Therapy offers a safe space to explore your feelings and develop coping strategies. It’s not a sign of weakness but a step toward taking control of your mental and emotional well-being.

There are various therapeutic approaches, including cognitive-behavioral therapy (CBT), which helps change negative thought patterns, and mindfulness-based therapies that promote living in the present moment. Finding the right therapist and approach that suits you is essential.

Reclaiming Control

Autoimmune diseases, joint pain, and inflammation may be part of your journey, but they don’t have to define your life. Managing stress effectively is a critical aspect of this process. By practicing meditation, deep breathing, and seeking therapy when needed, you can reclaim control over your well-being.

Remember, the mind-body connection is a powerful one. When you address stress and its impact on inflammation, you’re not only improving your mental and emotional health but also reducing the physical burden on your body.

Practical Tips for Daily Life

Living with joint pain and inflammation can be challenging, but there are practical tactics you can incorporate to ease symptoms.

Heat and Cold Therapy: One of the most accessible and effective ways to alleviate pain is by applying heat or cold to the affected area. Consult with your doctor to determine the best method for your symptoms. Heat increases blood flow and relaxes tense muscles, while cold therapy can help numb the area and reduce swelling.

Assistive Devices: If joint pain hampers your ability to perform daily tasks, consider using assistive devices. Canes, walkers, or jar openers might not be glamorous, but they can provide much-needed support and alleviate pressure on your joints.

Taking Breaks: Taking regular breaks is crucial if your daily activities involve repetitive motions that exacerbate your pain. Rest and stretch your joints to reduce strain and prevent further inflammation.

Getting Enough Rest: Rest is essential for managing pain and inflammation. It allows your body to repair and rejuvenate. Make sure to prioritize getting enough sleep each night.

It’s important to remember that managing joint pain and inflammation is a journey unique to each individual. While these tips can provide relief, it’s essential to consult with a rheumatologist for a personalized treatment plan.

When to Seek Medical Help

Sometimes, despite our best efforts, our symptoms may intensify or interfere with our daily lives. That’s when it’s crucial to seek medical help.

Rheumatologists are vital in developing individualized treatment plans based on your condition and symptoms. They consider factors such as the severity of inflammation, joint damage, and overall health to determine the most appropriate course of action.

In some cases, your rheumatologist may refer you to other healthcare professionals, like physical therapists, occupational therapists, or pain management specialists, who can provide additional support and therapies to help manage joint pain and inflammation.

Regular monitoring and follow-up with your rheumatologist is essential. They’ll help you adjust your treatment plan as needed and guide lifestyle modifications, exercise routines, and self-care strategies, all aimed at improving your overall well-being.
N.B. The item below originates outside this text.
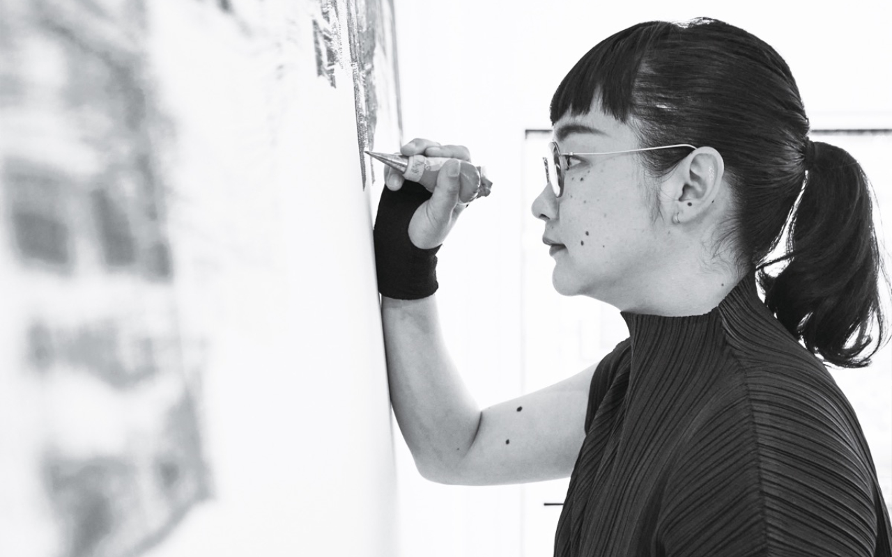 ドットや曲線の反復により、独自の世界観を表現する現代美術作家・大和美緒さん。国内はもとより、海外の画商やコレクターからも注目される際立った作風は、もがき苦しんだ末に見つけたものだ。
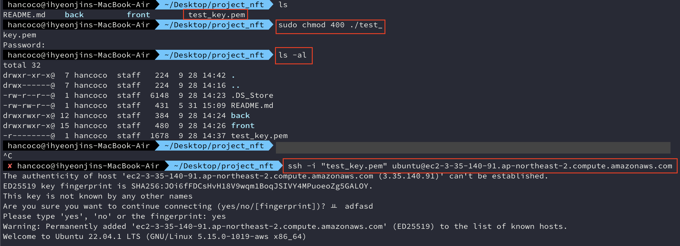 비밀키가 있는 폴더에 접근한 후에 다음과 같이 콘솔에 입력해서 aws에서 제공해주는 컴퓨터와 연결한다.

Consulting with a rheumatologist for personalized advice and treatment options is crucial, but remember that staying on top of inflammation at home can also make a significant difference.

Embracing Hope and Relief

Living with an autoimmune disease, joint pain, and inflammation can significantly impact your quality of life. But with the right strategies, the proper support, and the right mindset, you can reduce pain and inflammation. You can regain control of your symptoms and live a higher quality of life.

Remember, you’re not alone on this journey. We understand and care. We’re here to support you, to share our experiences, and to offer hope for a brighter, pain-free tomorrow. Together, we can invigorate your journey and make every step easier. Thank you for joining us today, and we’ll be back with more soon.